Dr. Bruce Sullenger will describe how properties of nucleic acids can be employed to generate RNA aptamers that function as rapidly reversible inhibitors of coagulation factors and platelet proteins. He will discuss combinatorial chemistry methods that have been employed to generate nucleic acid ligands that can act as specific inhibitors of many proteins involved in hemostasis and thrombosis. The mechanism(s) of such inhibition will be addressed as well as how this understanding is guiding the development of the next generation of such inhibitors. Finally, Dr. Sullenger will present preclinical and clinical studies evaluating such therapeutics and their reversal agents.

Dr. Peter Lenting will discuss how the proteases that act in the coagulation cascade differ in catalytic capacity and how they frequently need cofactors to achieve physiologically relevant function. He will focus on factor IXa and the increased bleeding associated with the functional absence of its cofactor factor VIIIa. Whereas cofactor deficiency can be corrected via replacement therapy, the use of purified cofactor concentrates is associated with several limitations. Some of these limitations have been resolved by the development of alternate molecules with cofactor-like activities. Dr. Lenting will also discuss the similarities and dissimilarities between the original cofactor and cofactor-mimetics.

Dr. Nicola Mutch will focus on the relatively recent advances engendered by the discoveries of polyphosphate (polyP) as a modulator of the coagulation reactions. PolyP is a biopolymer of negatively charged phosphate residues that is ubiquitous in nature and varies in chain length according to the organism and tissue in which it is synthesized. PolyP with a defined chain length of 80-100 phosphates is contained within the dense granules of platelets and is released following agonist stimulation. Dr. Mutch will discuss how platelet-derived polyP affects the coagulation cascade at several distinct points to promote clot formation. She will also discuss recent finding suggesting that polyP retained on the activated platelet membrane further modifies the function of this biopolymer in coagulation.

Co-Chairs:

Sriram M. Krishnaswamy, PhD
Children's Hosp. of Phila.
Philadelphia, PA

Shannon L. Meeks, MD
Emory University
Atlanta, GA

Speakers:

Bruce A. Sullenger
Duke University
Durham, NC
Aptamers as Rapid Onset and Rapidly Reversible Antithrombotic Agents

Peter J. Lenting, PhD
Inserm U 1176, Université Paris-Saclay, Université Paris-Saclay
Le-Kremlin-Bicetre, France
Cofactor and Cofactor Mimetics

Nicola J. Mutch, BSc, PhD
University of Aberdeen
Aberdeen, United Kingdom
Regulation of Coagulation by Polyphosphate

Scientific Committee on Immunology and Host Defense

Stromal Cell Immune Regulation in the Microenvironment

Sessions Offered Twice:
Sunday, December 8, 2019 7:30 a.m. - 9:00 a.m.
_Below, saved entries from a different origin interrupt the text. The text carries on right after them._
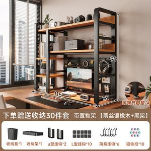 【加粗钢架】雨丝银橡木色+黑架115*25*99cm 双层带置物架带配件赠30件套+金属脚垫
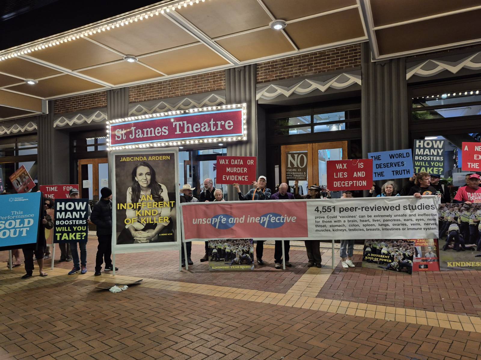 Outside the venue, around 50 protestors held signs and banners to remind the former prime minister of her destructive legacy; in particular, her pushing New Zealanders to take Covid-19 jabs, which led to vaccine injuries. It’s not known if Ms Ardern saw any of the messages herself but her supporters had plenty of time to take in the messages as the queue to enter the theatre moved at snail’s pace.
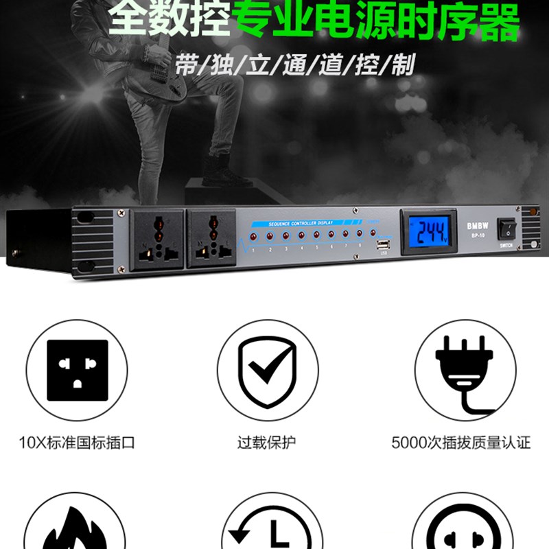 专业电源时序器智能一健开关保护插座顺序控制器带电压显示工作屏
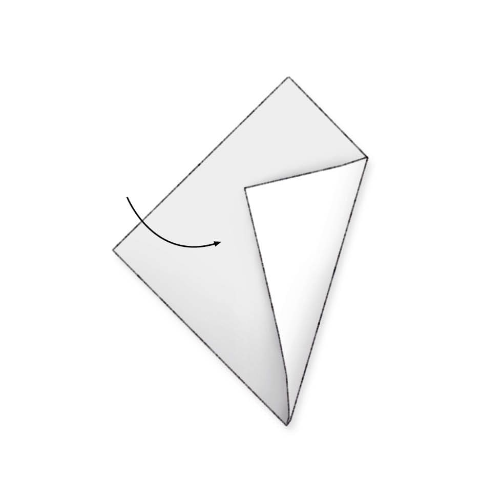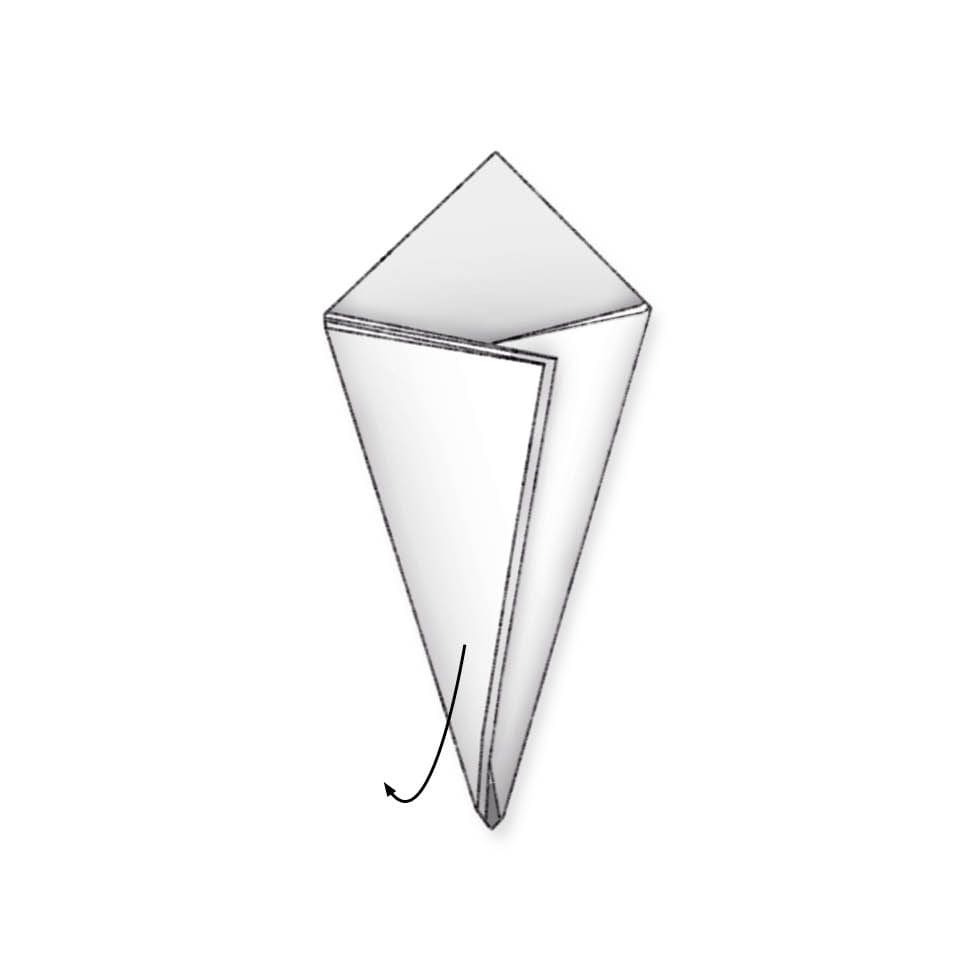 Die so entstandene untere Spitze fast bis zur oberen Spitze nach oben knicken …

Orange County Convention Center, Tangerine 1 (WF1), Level 2	Sunday, December 8, 2019 4:30 p.m. - 6:00 p.m. Orange County Convention Center, W230, Level 2

Until recently, effective immunotherapy for the treatment of hematologic malignancies has been observed largely within the context of graft-versus-leukemia effects after allogeneic stem cell transplantation. The introduction of checkpoint inhibitors and chimeric antigen receptor T cells to the treatment of hematologic malignancies have resulted in remarkable responses in some patients but therapy still fails in a significant proportion. It is becoming increasingly clear that tumors and their stromal microenvironment possess an array of mechanisms to subvert effective immune responses. This session will discuss recent advances fostering the understanding of how tumor and stromal cells act to regulate immunity and how therapeutic interventions targeting these suppressive pathways may be harnessed to improve immunotherapy outcomes.
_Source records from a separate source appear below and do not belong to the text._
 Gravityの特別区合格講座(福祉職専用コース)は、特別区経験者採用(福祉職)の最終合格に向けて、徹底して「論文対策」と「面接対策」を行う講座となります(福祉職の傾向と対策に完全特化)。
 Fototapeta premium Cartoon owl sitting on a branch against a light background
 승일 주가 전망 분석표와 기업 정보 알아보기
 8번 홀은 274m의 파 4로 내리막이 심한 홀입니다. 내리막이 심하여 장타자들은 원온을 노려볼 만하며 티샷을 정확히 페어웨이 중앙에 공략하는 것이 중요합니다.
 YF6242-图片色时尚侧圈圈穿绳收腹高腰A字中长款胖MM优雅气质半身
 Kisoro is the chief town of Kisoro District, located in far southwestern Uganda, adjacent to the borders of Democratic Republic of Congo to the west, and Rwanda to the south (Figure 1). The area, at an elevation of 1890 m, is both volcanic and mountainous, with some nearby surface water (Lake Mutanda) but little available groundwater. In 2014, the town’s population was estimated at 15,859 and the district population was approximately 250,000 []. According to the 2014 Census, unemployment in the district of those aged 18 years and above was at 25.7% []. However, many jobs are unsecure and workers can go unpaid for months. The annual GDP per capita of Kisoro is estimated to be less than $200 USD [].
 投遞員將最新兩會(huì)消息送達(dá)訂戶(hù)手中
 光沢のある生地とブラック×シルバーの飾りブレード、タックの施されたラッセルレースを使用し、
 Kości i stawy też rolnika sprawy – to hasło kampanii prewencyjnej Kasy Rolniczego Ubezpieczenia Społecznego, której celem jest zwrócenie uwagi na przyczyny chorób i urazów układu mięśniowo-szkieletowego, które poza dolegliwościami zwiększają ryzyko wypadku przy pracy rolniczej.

Dr. Kai Wucherpfennig will discuss therapeutic approaches to deal with resistance to cancer immunotherapy. In particular, the presentation will focus on a novel mAb his lab has developed that inhibits an escape pathway from natural killer (NK) cell-mediated tumor immunity. Tumor cells express the stress ligands MICA and MICB that are recognized by the NKG2D receptor on NK cells and CD8 T cells. Escape is mediated through proteolytic shedding of MICA and MICB by tumor cells. His research has found that inhibition of proteolytic shedding of MICA and MICB with a mAb induces anti-tumor immunity against metastases.
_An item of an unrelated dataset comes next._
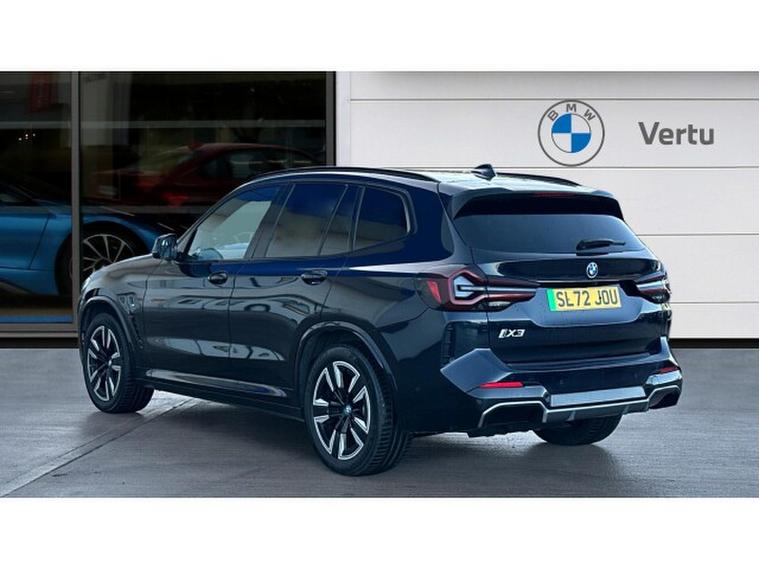 BMW iX3 210kW M Sport 80kWh 5dr Auto Electric Estate, , Introducing a superb 2022 BMW iX3 M Sport, presented in the sophisticated shade of Carbon Black and paired with luxurious Black Vernasca Leather seats featuring elegant Blue Stitching. With just 19, 726 miles, this fully electric SUV embodies the perfect balance of performance, innovation, and comfort, offering a refined driving experience in every journey. When purchasing from Vertu BMW Exeter, you benefit from the reassurance and quality that comes with every Approved Used BMW. Each vehicle includes 12 Months BMW Approved Warranty, 12 Months BMW Roadside Assistance, a 12 Months MOT, and a full service history, giving you total peace of mind. Our manufacturer-trained technicians carry out meticulous inspections and maintenance to ensure your BMW meets the highest standards, giving you confidence in your purchase and continued ownership enjoyment. To help you explore this iX3 further, simply contact our dedicated team, and we will be delighted to provide a personalised video presentation, showcasing the vehicle in detail and answering any questions you may have. This BMW iX3 M Sport is equipped with an array of premium features designed to elevate your driving experience. Heated Front Seats ensure comfort on colder days, while the Driving Assistant enhances safety with intelligent on-road support. The Electric Boot Lid offers effortless practicality, perfect for busy lifestyles or loading cargo with ease. Discover the outstanding capability and style of the BMW iX3 M Sport at Vertu BMW Exeter and take the next step towards electric driving excellence.
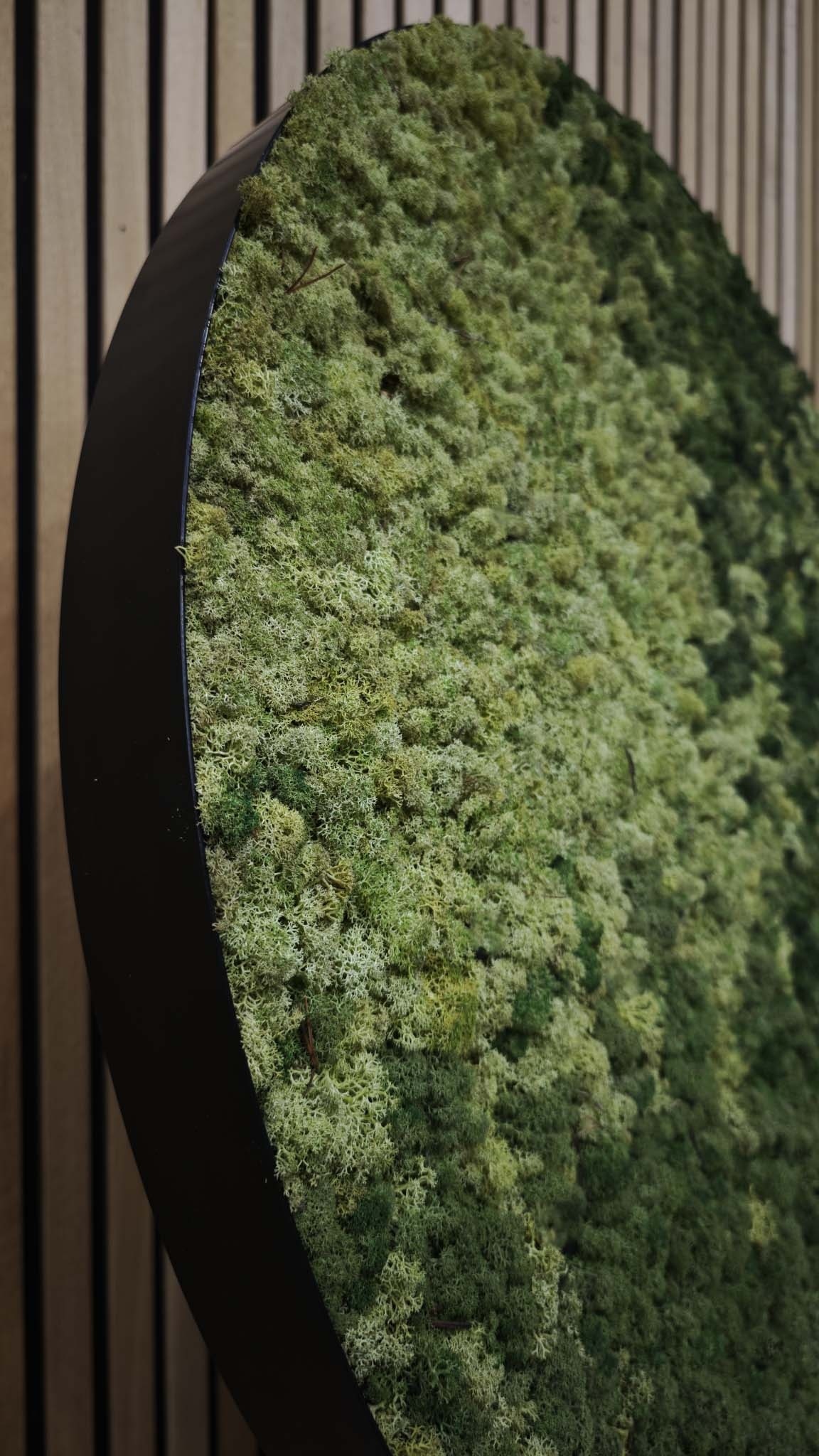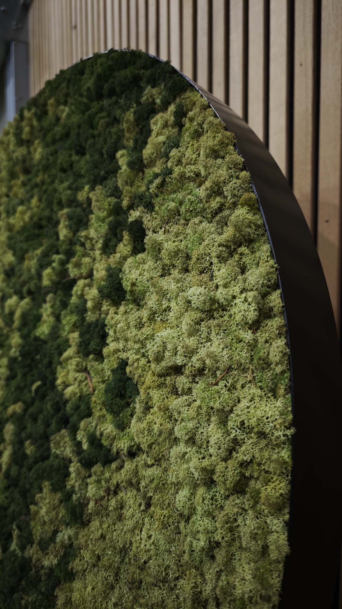 Die Mooszirkel schaffen eine einzigartige grüne Atmosphäre, die sich perfekt für den Einsatz in (Wohn-)Küchen/Empfangsbereichen/Büros oder über dem Sofa in Ihrem Zuhause eignet.

Dr. Melody Swartz will discuss lymphatic activation in the tumor microenvironment and its role on overall immunity. She will also describe how knowledge gained from understanding lymphatic control could influence the development of novel immunotherapeutic approaches and in vitro model systems that could serve as the platform for studying the perfused tumor microenvironment.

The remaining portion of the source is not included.